If you do not want to ue TPM, then you should just copy-paste
the .tmux
file to your tmux.conf
file.
With the settings above, navigation should work well locally. But if you need kitty-tmux navigation also work through ssh, follow steps below:
- Install kitty on your remote machine, here I show how to do it in linux using linuxbrew: How To.
wget https://github.com/kovidgoyal/kitty/releases/download/v0.20.3/kitty-0.20.3-x86_64.txz -O kitty.txz
mkdir $HOMEBREW_PREFIX/Cellar/kitty
tar xf kitty.txz -C $HOMEBREW_PREFIX/Cellar/kitty
ln -sf $HOMEBREW_PREFIX/Cellar/kitty/bin/kitty $HOMEBREW_PREFIX/bin
rm kitty.txz
With kitty installed on your remote system and remote control enabled, your should be able to use remote control from ssh. But because of reasons explained here, it won't work from inside tmux. So we're going to need some workarounds.
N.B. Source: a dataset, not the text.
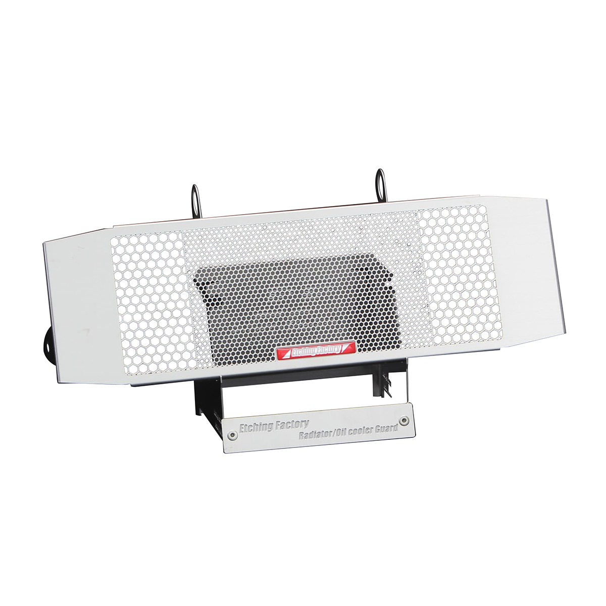 特長:「冷却効率と保護性能という相反するテーマをいかにして両立させるか。」 フロントタイヤから巻き上げられた小石やゴミ、ライトめがけて飛んでくる昆虫...etc これらはアルミのフィンでできているラジエターコアへダメージを与えます。 フィンが潰されることによって冷却効果が失われ、場合によってはウォーターラインを破損しクーラント漏れを起こす危険も・・・ エッチングファクトリーのラジエターコアガードは、ラジエターに対して最も過酷とも言える真夏の8時間耐久ロードレースを中心に幾度となくテストを繰り返してきました。 ・エッチングファクトリー製の特徴 メッシュパターンの配置、メッシュラインの太さ、そして開口率はレースシーンから のフィードバックがぎっしりと詰まっています。 中央部分は細かく、両サイドは粗いヘキサゴンメッシュパターン。 これはフロントタイヤからスピンオフされた小石やゴミをタイヤ幅に合わせた 中央部の細かいメッシュが 確実にガード。 両サイドの粗いメッシュは冷却効率と保護性能という相反するテーマの両立を考慮 された開口率になっています。 ・材質の選択にも理由があります。 アルミやチタンの場合、板厚を下げる(強度を下げる)ことでしか実現できない メッシュライン幅を、ステンレス(SUS304 0.8t)を採用することにより理想のライン 幅で強度を下げずに実現。 これらを踏まえたコアガードには、性能の維持するためのアイテムとしてだけではなく、 さりげなく美しさをアピールするドレスアップ効果も兼ね備えました。守る、魅せる。 あなたの大切なマシンの為に、自信を持っておすすめ致します。

- Set remote port forwarding when using SSH.
ssh -R 50000:${KITTY_LISTEN_ON#*:} user@host
The remote TCP port 50000 can be changed to anything depending on your needs.
You can put it as an alias on your shell rc file so you don't type it all the time.
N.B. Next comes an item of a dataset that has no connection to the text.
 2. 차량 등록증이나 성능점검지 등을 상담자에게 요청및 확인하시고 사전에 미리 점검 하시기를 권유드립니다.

alias ssh='ssh -R 50000:${KITTY_LISTEN_ON#*:}'
- Add the following snippet to your remote machine's
.zshrc
or something similar on other shell:
# Set KITTY_PORT env variable
if [[ $SSH_TTY ]] && ! [ -n "$TMUX" ]; then
export KITTY_PORT=`kitty @ ls 2>/dev/null | grep "[0-9]:/tmp/mykitty" | head -n 1 | cut -d : -f 1 | cut -d \" -f 2`
fi
Explanation:
- Source kitty path so the binary can be called from anywhere
- Set the KITTY_PORT environment variable automatically from the foreground process that call ssh.
- Set terminal key binding for changing kitty window when not using tmux
- Don't forget to install the tmux plugin on your remote system also. And copy
neighboring_window.py
to your remote machine ~/.config/kitty directory.
This plugin is a fork from vim-kitty-navigator extending it's capabilities to also work with tmux pane navigation. The aim is to make navigation between Kitty windows, tmux panes, and vim splits seamless. With some extra configuration, kitty-tmux navigation works even through SSH!